# Barbados Blackbelly Cold Tolerance



## TurtleCrossingRanch (Feb 4, 2019)

I have been doing tons of reading regarding temperature tolerances of sheep. I have a small flock of barbados blackbellies that were given to me by a friend (6 sheep and just got 2 new lambs the other day as a surprise!) In general, sheep do well in the 40s to 70s F range (as per what I have been reading on various sources), but how long will sheep tolerate subfreezing temperatures, specifically the barbados? 

We don't normally freeze where I am at in the CA mountains, but it can dip down that low at night, and it projected to stay low for several days now. 

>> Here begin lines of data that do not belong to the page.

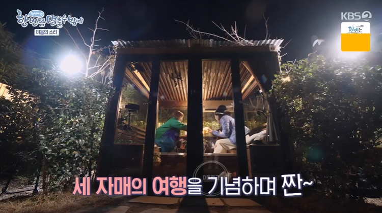마지막으로 세 사람이 찾은 곳은 족욕카페! 카페는 아니고 한옥 숙소 안 족욕실이에요. 일행끼리만 사용할 수 있는 프라이빗한 공간이네요. 요즘 시국에 딱 좋겠어요. 따뜻한 물에 발 담그고 포장해온 맥주 한 잔 짠! 여행 피로 단번에 풀리겠어요.
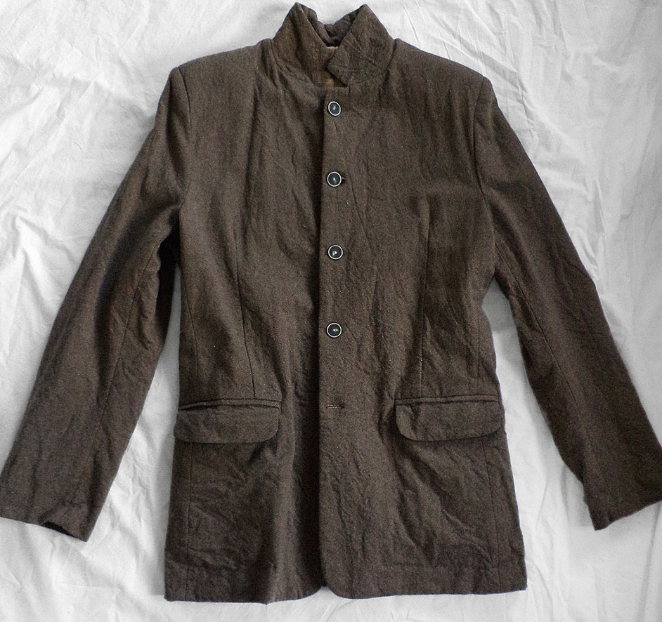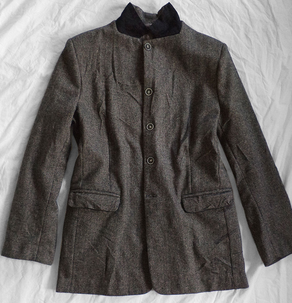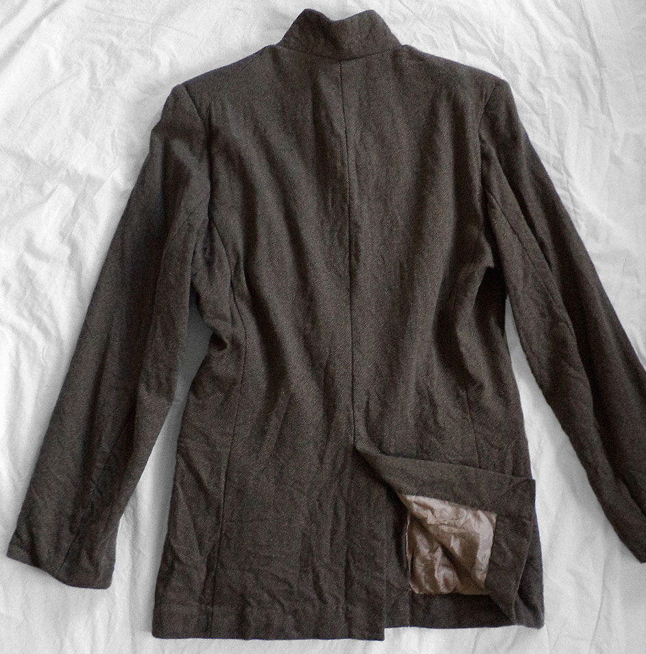 €485,- (On hold for photoshoot) . Sizes Size: Eur 48 -USA 38 Back length: 76cm- 30.4inch Sleeve length: 66cm – 26.4inch Colour Rusty brown/black cotton tweed Details fully lined, 1 inside pocket, visible hand stitched finishing Purchase Details You will receive a PayPal invoice. Please read our terms and conditions policy for shipping & handling costs
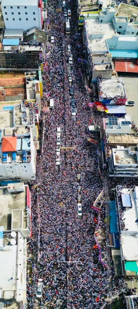 இதே கரூரில், இப்படியான பிரமாண்ட மாநாட்டை, ஆளுங்கட்சியான திமுக, கொஞ்ச நாள்களுக்கு முன்னர் நடத்தியது; காயம் இல்லை; மயக்கம் இல்லை; அதிகபட்சமாய் யாரும் சாகவில்லை; எப்படி இது சாத்தியப்பட்டது என்று யாராவது ஒரு கரைவேட்டியை கேட்டு அறிந்து கொண்டிருக்கலாம். அதுவும் பிடிக்கவில்லையா, அதிமுக தரப்பில் கேட்டிருந்தால்கூட சொல்லி இருப்பார்கள்; இதைவிட பலமடங்கு பிரமாண்ட கூட்டம்- மாநாடுகளை போட்ட கட்சி அது…
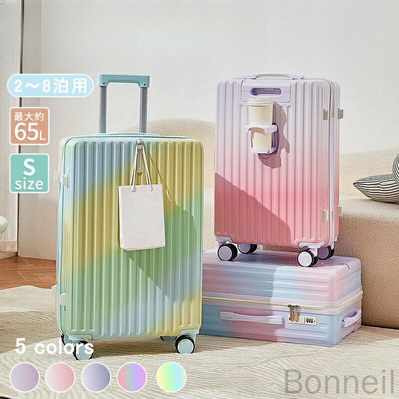 グラデーションカラー5色展開 小中大型対応 耐衝撃構造で安心の旅行用キャリーケース おしゃれでかわいいレディース向け
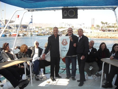 בתמונה: בספינת השיט מימין לשמאל החבר רחמים הררי, צרפתי יצחק ושמעון מלכה-מנהל המחוז מחזיקים בגאווה את שלט "צוות" מחוז ירושלים
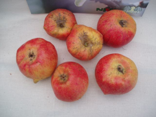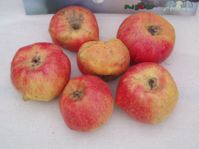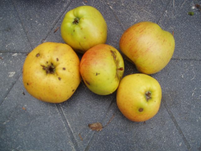 "Gewone Guldelingen" Ze zijn dit jaar niet uitgesproken "Gulden". Dat zal komen door het matige aantal zonneuren dit jaar. Maar je ziet de gouden kleur nog genoeg. Na een snoeibeurt afgelopen winter hangen er weinig, maar wel grotere Guldelingen aan. Hun smaak kun je zoet noch zuur noemen. Het lijkt er dus op, zou je zeggen, dat we op de onderste foto een "gewone" Guldeling zien. In termen van de oude pomologie lijkt het er op dat het een Zure Guldeling is, in ieder geval geen Zoete. Nou willen smaken wel eens verschillen, maar een handappel met een frisse smaak die ik niet zuur maar gewoon aangenaam fris noem, werd kennelijk in vroeger tijden "zuur"genoemd. In 1920 noemde men de Notarisappel en de Eethense wijnappel "zuur". Zie de assortimentslijst in de rubriek "historische fruitkist". Alles wat niet uitgesproken "zoet" was, zoals de Campagne en de Ermgaarde, was "zuur"! In die context hebben we hier de Zure Guldeling bij de lurven!. |
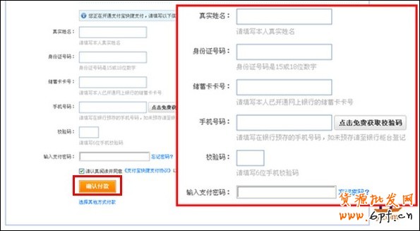 2、需要用戶填寫真實姓名、身份證號碼、儲蓄卡卡號、填寫在銀行預存的手機號碼并輸入校驗碼、支付密碼,閱讀協議,點擊“確認付款”,提示成功并開通儲蓄卡快捷支付。
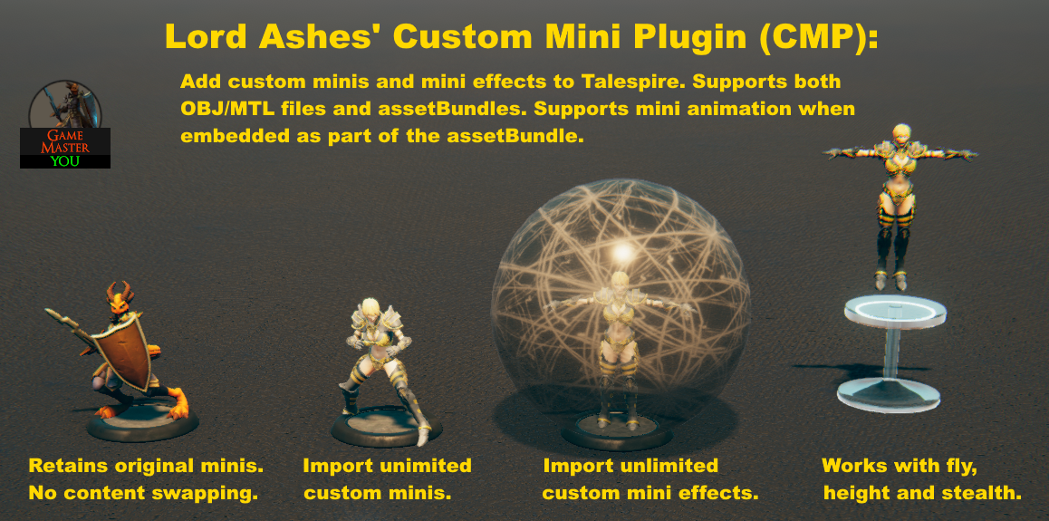 This unofficial TaleSpire plugin is for adding an unlimited number of custom minis. Re-applies transformation automatically on re-load and requires no blank base. Now supports assetBundles, assetBundle animations and emotes.
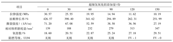 段金鳳等設計實驗天然膠100份;炭黑N22035份;氧化鋅6份;硬脂酸2份;硫磺2.4份;其他助劑3.2份,在試驗基本配方中加入不同添加量的超細氫氧化鋁,其余組份保持不變,硫化膠試樣的各項力學性能及阻燃性能的變化如下表:
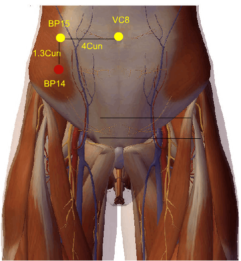 Situa-se na face ântero-lateral do abdome, a quatro tsun lateral à linha média, numa horizontal que passa pelo VC-7 ( Yinjiao ).
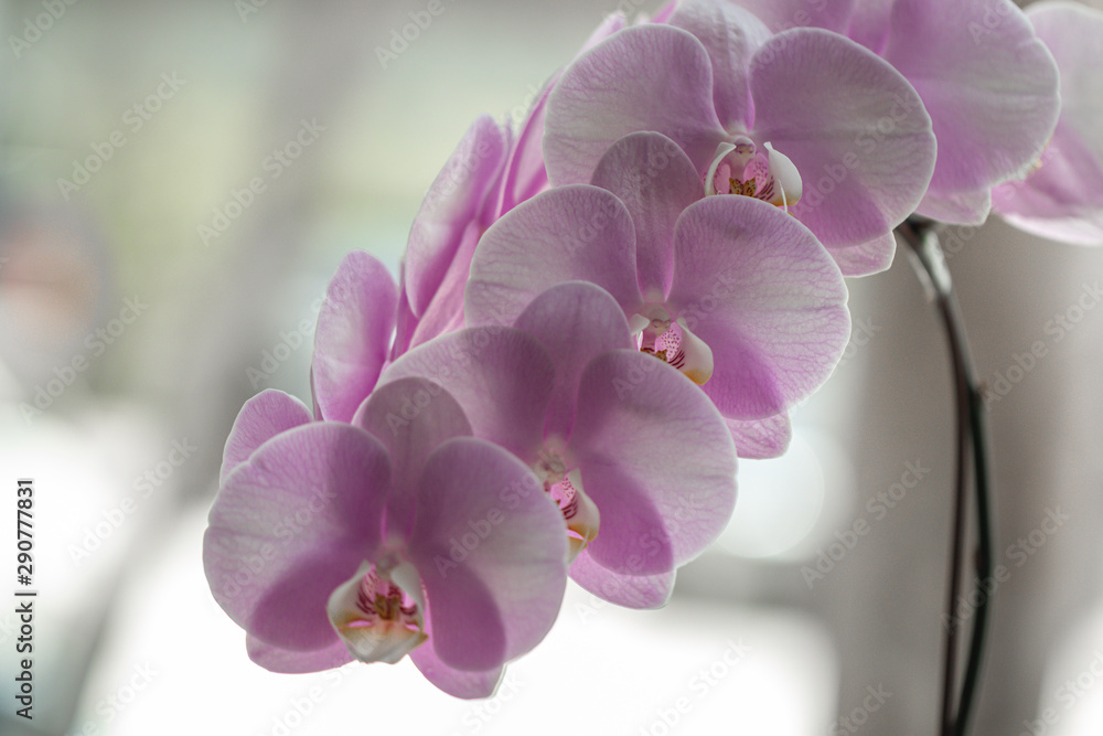 Selective focus close up beautiful purple Phalaenopsis orchids.Blurred flower background.
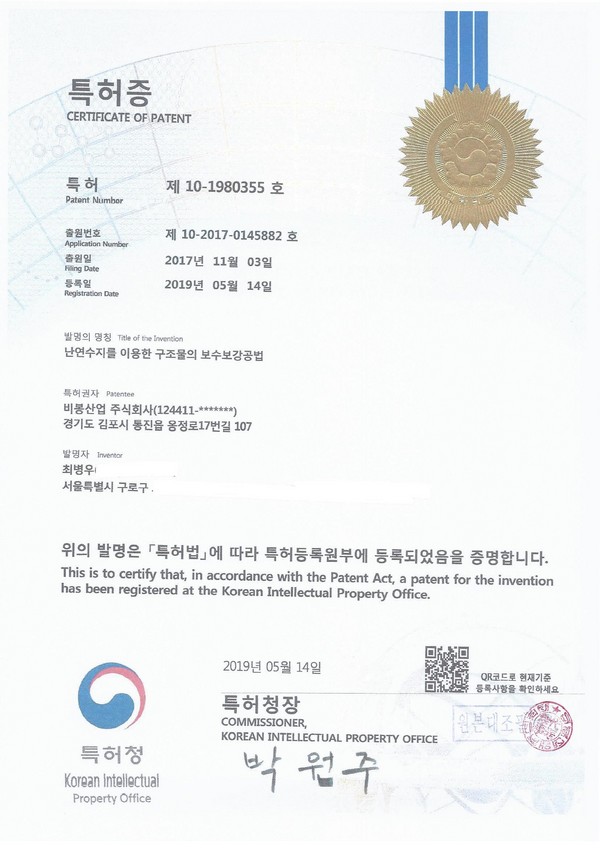 | 11 | 초속경 고강도 콘스틸 씰을 이용한 구조물 보수및 보강 공법 특허 (특허 제 10-1761733호) | 관리자 | 2017.07.28 | 2058 | |||

The lambs and ewe are safely protected in the shed/barn seperate from everyone else right now. They are shut in because she tended to lead them to lay down in puddles and everyone else is shut out because I dont want the lambs stepped or laid upon and squished. There are plenty of trees in the pasture area and I have a canvas tarp shelter for them to get out of the rain.


----------



## Mike CHS (Feb 5, 2019)

I only know of one farm that has some Barbados in with Katahdins and Dorpers and they lamb in the fields but have wind breaks and shelters available.  We have Katahdins and just had a bunch of lambs during the time the weather was down in the 20's.  We have heat lamps and shelters available but they stayed outside.


----------



## promiseacres (Feb 5, 2019)

My painted desert which had a lot of Barbados in them did fine in northern Indiana  winters. Even Lambed outside in the snow. We just a lean to shelter for them


----------